La ciclosporine est un immunosuppresseur.
Ses effets indésirables sont notamment d’ordre rénal (insuffisance rénale, hypertension).
ETAT DES CONNAISSANCES
Aspect malformatif
Les données publiées chez les femmes enceintes exposées à la ciclosporine sont très nombreuses et rassurantes sur le plan malformatif.
Aspect infectieux
Un risque accru d’infection materno-fœtale (en particulier à CMV) est possible en raison de l’immunosuppression induite par le traitement.
Aspect néonatal
Aucune répercussion rénale imputable à la ciclosporine n’a été observée à ce jour lors du suivi de plusieurs centaines d’enfants exposés in utero.
D’autres effets néonatals ont parfois été rapportés chez des enfants également exposés à l’azathioprine :
Atteinte réversible des lymphocytes B ou T, sans répercussion clinique.
Prématurité et retard de croissance intra-utérin qu’il est difficile de mettre exclusivement sur le compte du médicament (rôle probable de la pathologie et/ou des traitements associés).
EN PRATIQUE
En prévision d’une grossesse
Si après avis du prescripteur, la ciclosporine est nécessaire à l’équilibre maternel, elle pourra être poursuivie.
Traiter une femme enceinte
Si après avis du prescripteur, la ciclosporine est nécessaire à l’équilibre maternel, son utilisation est possible quel que soit le terme de la grossesse.
Un risque accru d’infection materno-fœtale (en particulier à CMV) est possible en raison de l’immunosuppression induite par le traitement.
Si la ciclosporine est poursuivie jusqu’à l’accouchement, les intervenants prenant en charge le nouveau-né devront en être avertis (cf. "Etat des connaissances").
Découverte d’une grossesse pendant le traitement
Rassurer la patiente quant au risque malformatif de la ciclosporine.

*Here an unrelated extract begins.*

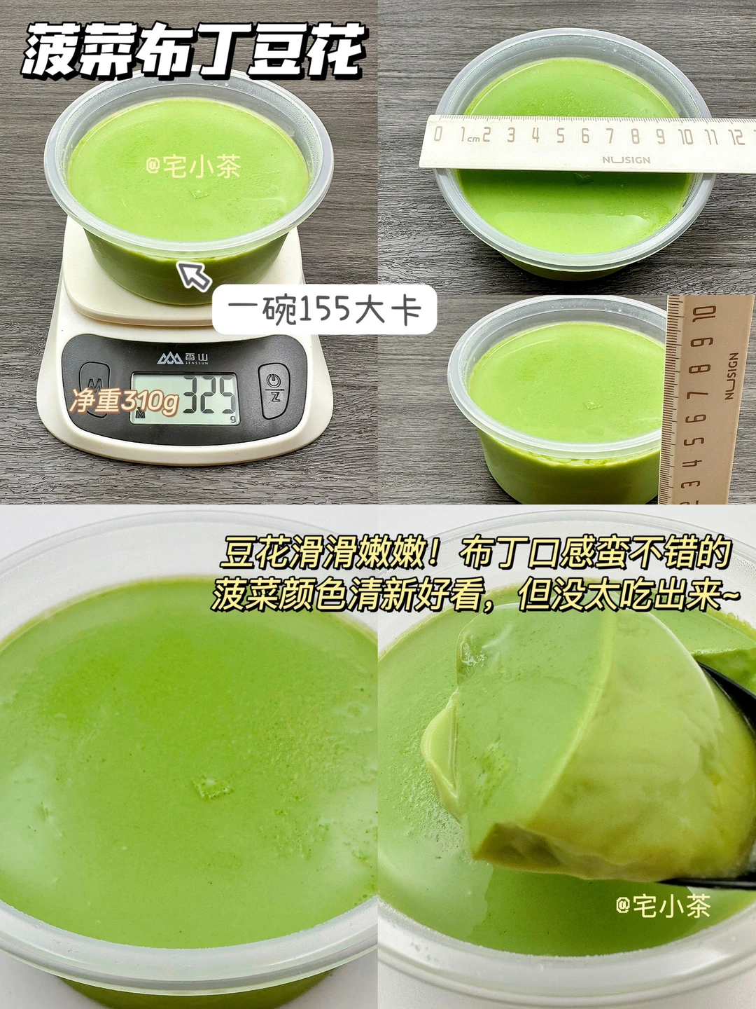 ➡️菠菜布丁豆花:一碗净重310g,155大卡

Réévaluer le bien fondé de la poursuite du traitement :
Si après avis du prescripteur, la ciclosporine est nécessaire à l’équilibre maternel, le maintien du traitement est possible quel que soit le terme de la grossesse.
En cas de poursuite de la ciclosporine, un risque accru d’infection materno-fœtale (en particulier à CMV) est possible en raison de l’immunosuppression induite par le traitement.

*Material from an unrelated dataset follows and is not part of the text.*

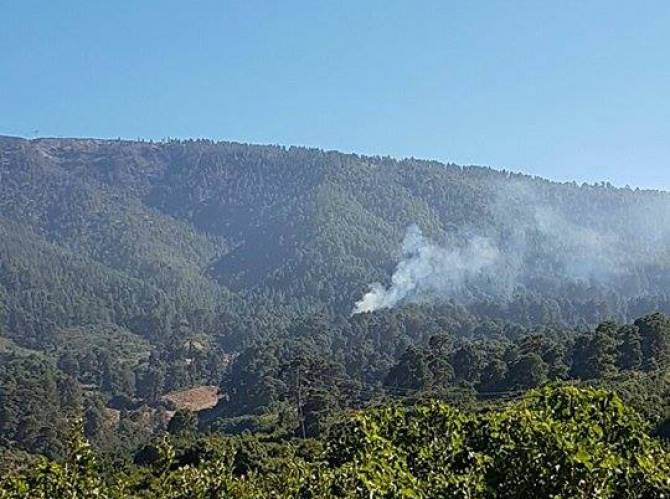 Hace unos minutos, aproximadamente a las 17:30 horas de hoy, ha comenzado a arter una zona de pinar en el barrio garafiano de La Mata.

Si la ciclosporine est poursuivie jusqu’à l’accouchement, les intervenants prenant en charge le nouveau-né devront en être avertis (cf. "Etat des connaissances").
Allaitement
La quantité de ciclosporine ingérée via le lait est très faible : l’enfant reçoit (en mg/kg) moins de 1% de la dose maternelle.
Chez les enfants allaités, les concentrations sanguines de ciclosporine sont indétectables.
Aucun évènement particulier n’a été rapporté, à ce jour chez des enfants allaités de mère traitée par ciclosporine.
Au vu de ces éléments, l’utilisation de la ciclosporine est possible chez la femme qui allaite.